- _Problem to work on_
Although the records contain pictures, none belong in the copy: restate word for word only the lines from the one with "5. Remove the" through the one with "In scope of", both included.

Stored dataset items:
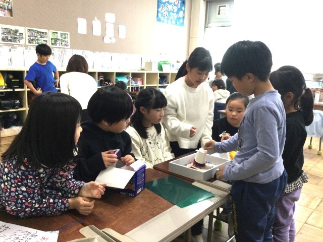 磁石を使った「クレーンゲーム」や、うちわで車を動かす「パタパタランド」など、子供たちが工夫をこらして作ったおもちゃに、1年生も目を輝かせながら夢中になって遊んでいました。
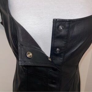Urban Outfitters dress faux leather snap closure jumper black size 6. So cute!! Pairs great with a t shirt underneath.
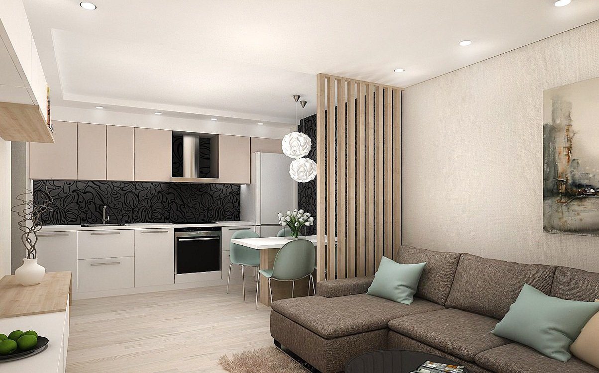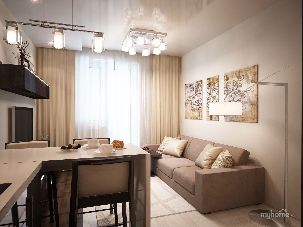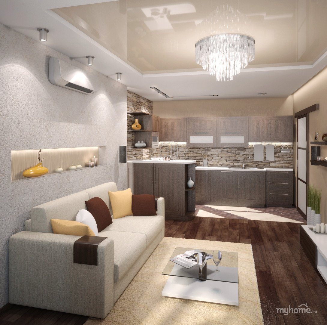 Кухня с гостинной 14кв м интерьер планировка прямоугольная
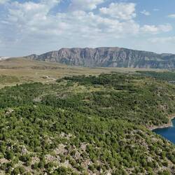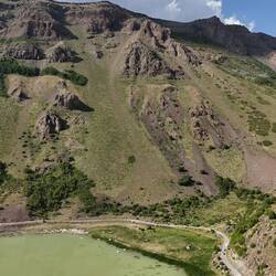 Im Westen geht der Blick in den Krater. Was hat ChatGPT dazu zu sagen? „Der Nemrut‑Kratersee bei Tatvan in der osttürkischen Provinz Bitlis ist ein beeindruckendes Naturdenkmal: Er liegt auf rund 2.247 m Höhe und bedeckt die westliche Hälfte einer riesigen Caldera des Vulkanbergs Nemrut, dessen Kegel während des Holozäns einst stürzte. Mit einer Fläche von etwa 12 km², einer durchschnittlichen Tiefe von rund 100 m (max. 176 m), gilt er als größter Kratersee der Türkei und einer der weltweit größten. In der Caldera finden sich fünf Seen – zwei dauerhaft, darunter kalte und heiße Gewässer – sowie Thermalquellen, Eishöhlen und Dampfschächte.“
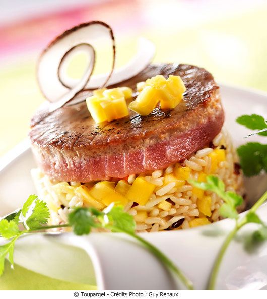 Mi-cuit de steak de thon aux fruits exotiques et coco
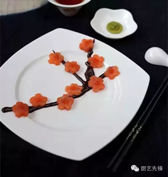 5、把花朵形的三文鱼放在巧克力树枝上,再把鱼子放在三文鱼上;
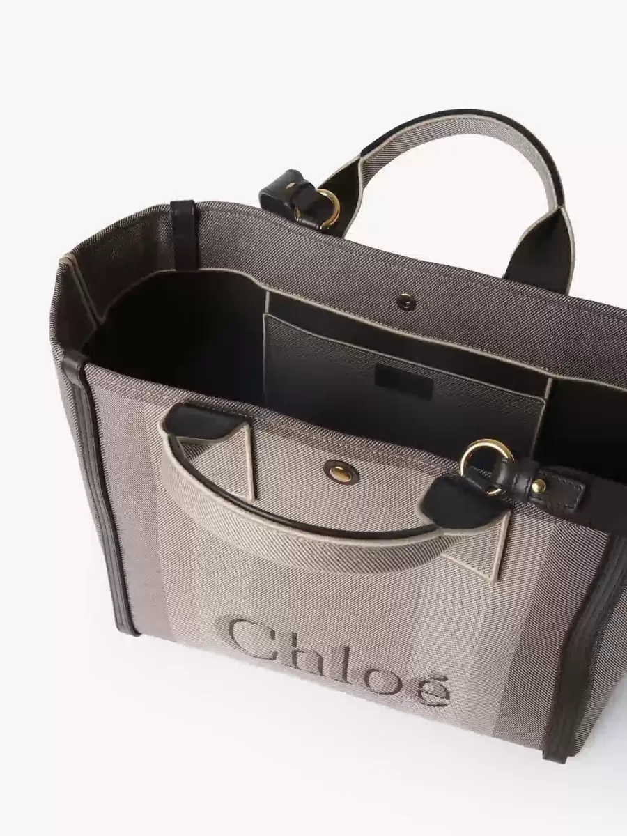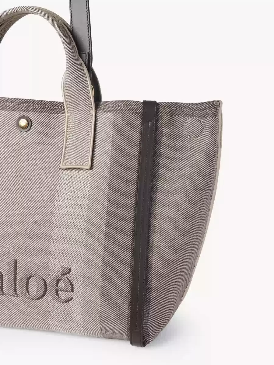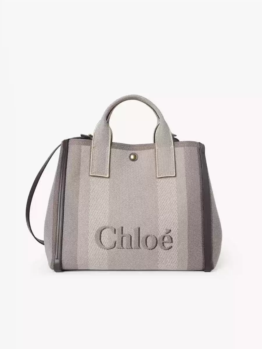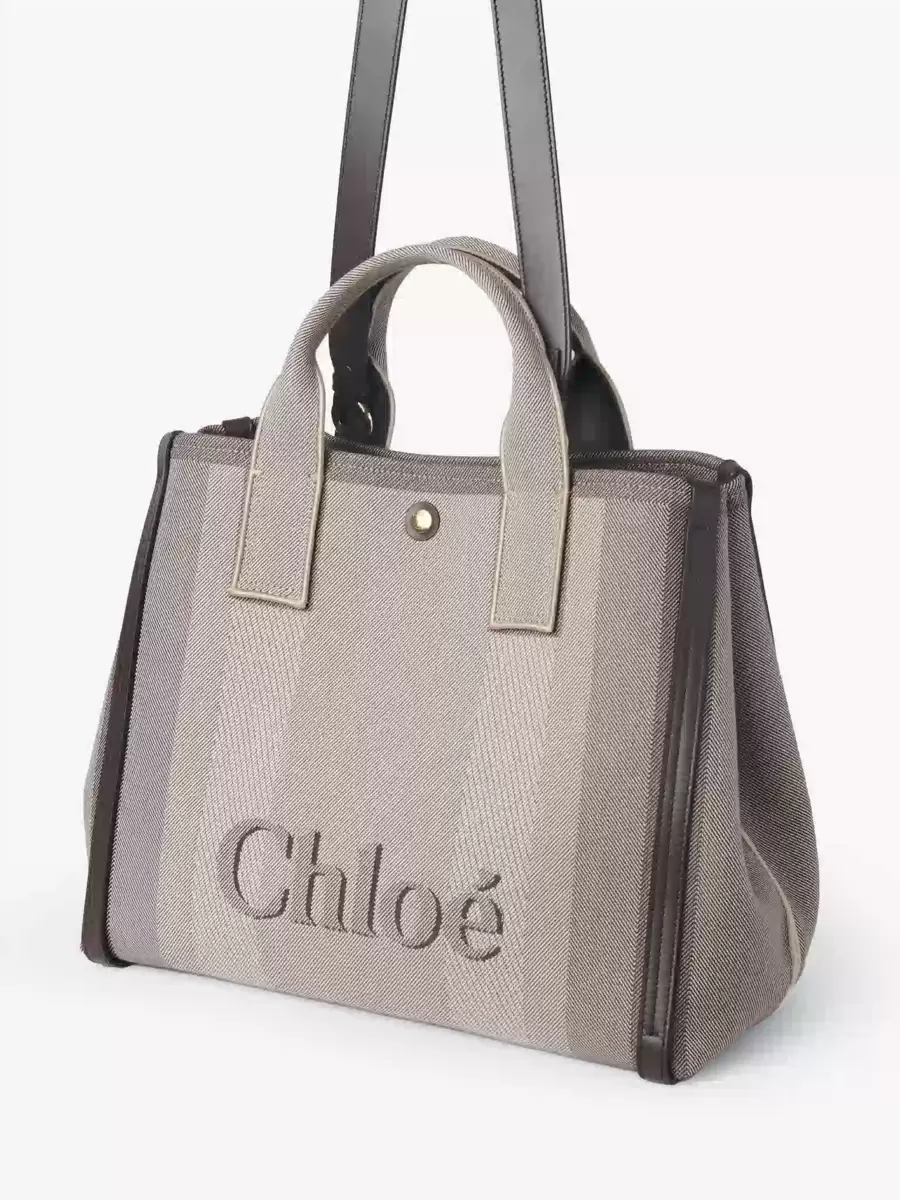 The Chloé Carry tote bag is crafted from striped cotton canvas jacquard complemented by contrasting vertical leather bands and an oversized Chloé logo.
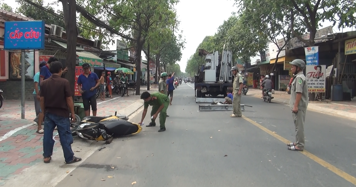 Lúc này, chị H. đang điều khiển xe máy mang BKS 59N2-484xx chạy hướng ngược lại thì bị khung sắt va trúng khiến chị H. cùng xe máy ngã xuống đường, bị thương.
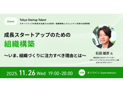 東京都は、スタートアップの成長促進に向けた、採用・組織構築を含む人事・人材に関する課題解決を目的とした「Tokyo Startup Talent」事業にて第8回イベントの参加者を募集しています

---

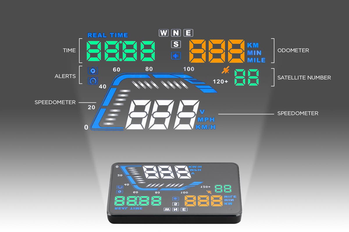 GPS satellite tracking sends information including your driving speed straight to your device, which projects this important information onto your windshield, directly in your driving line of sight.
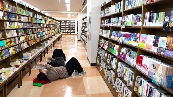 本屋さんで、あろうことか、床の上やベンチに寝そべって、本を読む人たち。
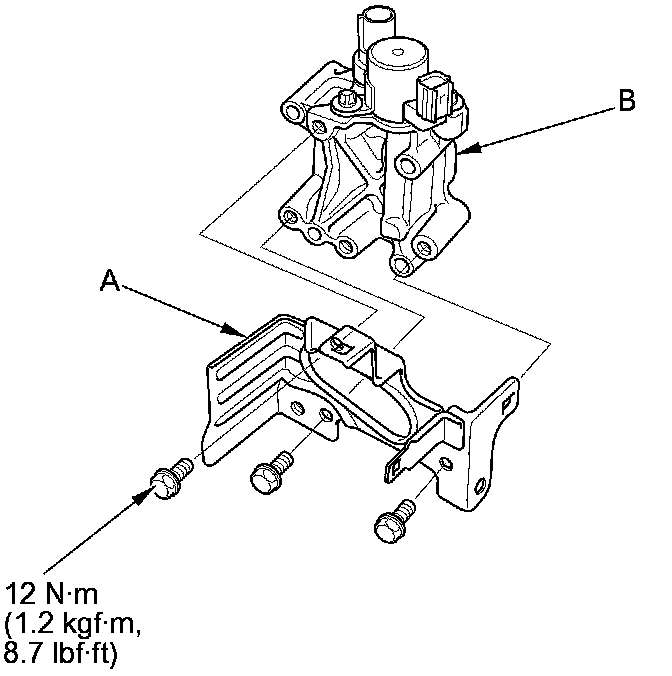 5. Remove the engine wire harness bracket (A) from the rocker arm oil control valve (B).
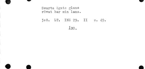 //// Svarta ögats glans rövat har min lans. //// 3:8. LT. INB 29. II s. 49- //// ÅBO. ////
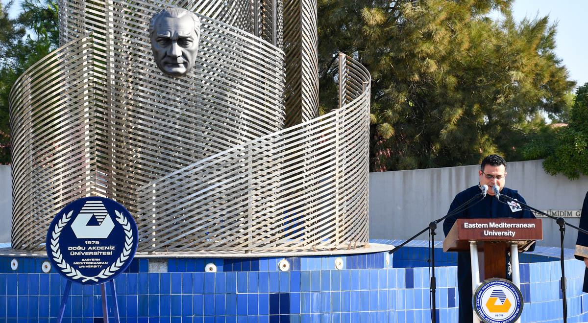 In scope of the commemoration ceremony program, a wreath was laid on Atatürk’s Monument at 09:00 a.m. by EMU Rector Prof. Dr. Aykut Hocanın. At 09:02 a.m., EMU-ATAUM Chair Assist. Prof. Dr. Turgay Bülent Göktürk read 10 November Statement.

- _Task answer_
 5. Remove the engine wire harness bracket (A) from the rocker arm oil control valve (B).
 //// Svarta ögats glans rövat har min lans. //// 3:8. LT. INB 29. II s. 49- //// ÅBO. ////
 In scope of the commemoration ceremony program, a wreath was laid on Atatürk’s Monument at 09:00 a.m. by EMU Rector Prof. Dr. Aykut Hocanın. At 09:02 a.m., EMU-ATAUM Chair Assist. Prof. Dr. Turgay Bülent Göktürk read 10 November Statement.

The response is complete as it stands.